The function is the “how much better?” function. Given possible outcomes A, B, and X, how many times better is A (relative to X) than B (relative to X).
If A is chocolate cake, and B is ice cream, and X is going hungry, maybe the chocolate cake preference is 1.25 times stronger, so the function Betterness(chocolate cake, ice cream, going hungry) = 1.25.
This is the sort of preference that you would elicit from a gamble (at least from a rational agent, not necessarily from a human). If I am indifferent to a gamble with a probability 1 of ice cream, and a probability 0.8 of chocolate cake and 0.2 of going hungry, this tells you that betterness-value above.
Anyhow, interesting post, I’m just idly commenting.
This is definitely an interesting topic, and I’ll eventually write a related post, but here are my thoughts at the moment.
1 - I agree that using natural language prompts with systems trained on natural language makes for a much easier time getting common-sense answers. A particular sort of idiot-proofing that prevents the hypothetical idiot from having the AI tell them how to blow up the world. You use the example of “How would we be likely to cure Alzheimer’s?”—but for a well-trained natural language Oracle, you could even ask “How should we cure Alzheimer’s?”
If it was an outcome pump with no particular knowledge of humans, it would give you a plan that would set off our nuclear arsenals. A superintelligent search process with an impact penalty would tell you how to engineer a very unobtrusive virus. A perfect world model with no special knowledge of humans would tell you a series of configurations of quantum fields. These are all bad answers.
What you want the Oracle to tell you is the sort of plan that might practically be carried out, or some other useful information, that leads to an Alheimer cure in the normal way that people mean when talking about diseases and research and curing things. Any model that does a good job predicting human natural language will take this sort of thing for granted in more or less the way you want it to.
2 - But here’s the problem with curing Alzheimer’s: it’s hard. If you train GPT-3 on a bunch of medical textbooks and prompt it to tell you a cure for Alzheimer’s, it won’t tell you a cure, it will tell you what humans have said about curing Alzheimer’s.
If you train a simultaneous model (like a neural net or a big transformer or something) of human words, plus sensor data of the surrounding environment (like how an image captioning ai can be thought of as having a simultaneous model of words and pictures), and figure out how to control the amount of detail of verbal output, you might be able to prompt an AI with text about an Alzheimer’s cure, have it model a physical environment that it expects those words to take place in, and then translate that back into text describing the predicted environment in detail. But it still wouldn’t tell you a cure. It would just tell you a plausible story about a situation related to the prompt about curing Alzheimer’s, based on its training data. Rather than a logical Oracle, this image-captioning-esque scheme would be an intuitive Oracle, telling you things that make sense based on associations already present within the training set.
What am I driving at here, by pointing out that curing Alzheimer’s is hard? It’s that the designs above are missing something, and what they’re missing is search.

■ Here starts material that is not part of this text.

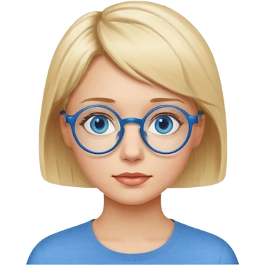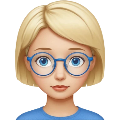 blonde girl with blue eyes and brown round glasses emoji | AI Emoji Generator
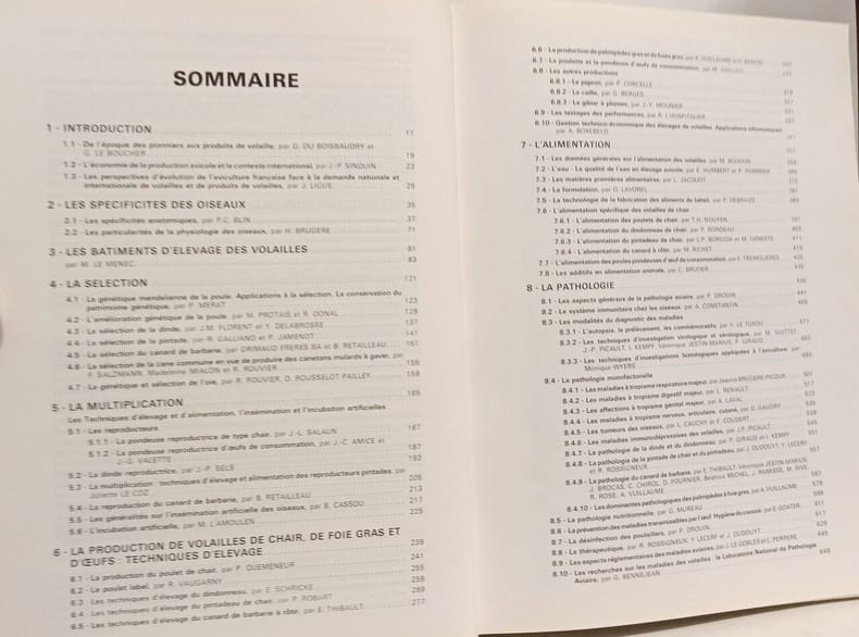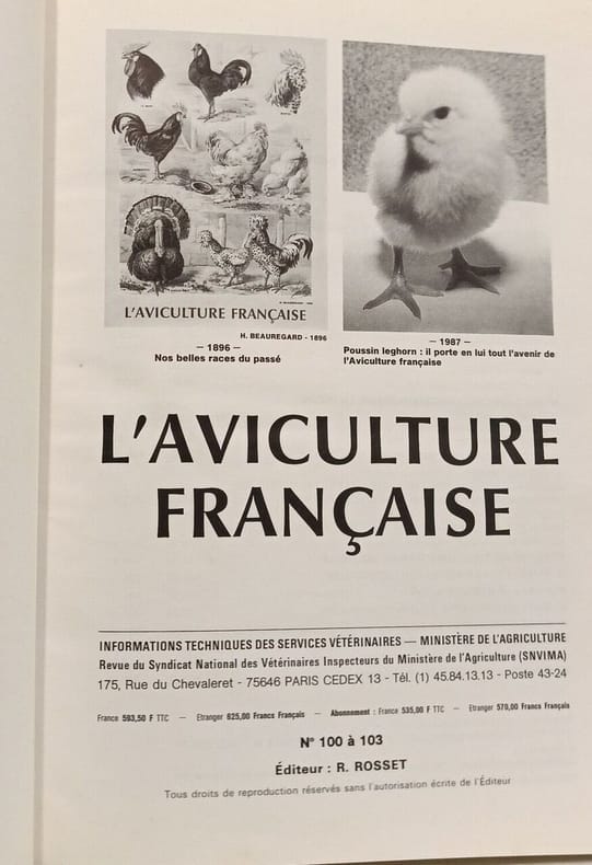 Editions Rosset,1988, numéro 100/103. Important livre sur l'élevage des poules, dindes, pintades, canards, oies avec de nombreuses illustrations, photos en couleurs et en n&b, tableaux, schémas. Les spécificités des oiseaux - Les bâtiments d’élevage des volailles - La sélection - La multiplication - La production de volailles de chair, de foie gras et d’oeufs : techniques d’élevage – L’alimentation – La pathologie – Les aspects humanitaires en production avicole – Ramassage, transport et abattage des volailles – La qualité de l’oeuf – La formation professionnelle en aviculture.

I’m not saying that getting a neural net to directly output your cure for Alzheimer’s is impossible. But it seems like it requires there to already be a “cure for Alzheimer’s” dimension in your learned model. The more realistic way to find the cure for Alzheimer’s, if you don’t already know it, is going to involve lots of logical steps one after another, slowly moving through a logical space, narrowing down the possibilities more and more, and eventually finding something that fits the bill. In other words, solving a search problem.
So if your AI can tell you how to cure Alzheimer’s, I think either it’s explicitly doing a search for how to cure Alzheimer’s (or worlds that match your verbal prompt the best, or whatever), or it has some internal state that implicitly performs a search.
And once you realize you’re imagining an AI that’s doing search, maybe you should feel a little less confident in the idiot-proofness I talked about in section 1. Maybe you should be concerned that this search process might turn up the equivalent of adversarial examples in your representation.
3 - Whenever I see a proposal for an Oracle, I tend to try to jump to the end—can you use this Oracle to immediately construct a friendly AI? If not, why not?
A perfect Oracle would, of course, immediately give you FAI. You’d just ask it “what’s the code for a friendly AI?”, and it would tell you, and you would run it.
Can you do the same thing with this self-supervised Oracle you’re talking about? Well, there might be some problems.
One problem is the search issue I just talked about—outputting functioning code with a specific purpose is a very search-y sort of thing to do, and not a very big-ol’-neural-net thing to do, even moreso than outputting a cure for Alzheimer’s. So maybe you don’t fully trust the output of this search, or maybe there’s no search and your AI is just incapable of doing the task.
But I think this is a bit of a distraction, because the basic question is whether you trust this Oracle with simple questions about morality. If you think the AI is just regurgitating an average answer to trolley problems or whatever, should you trust it when you ask for the FAI’s code?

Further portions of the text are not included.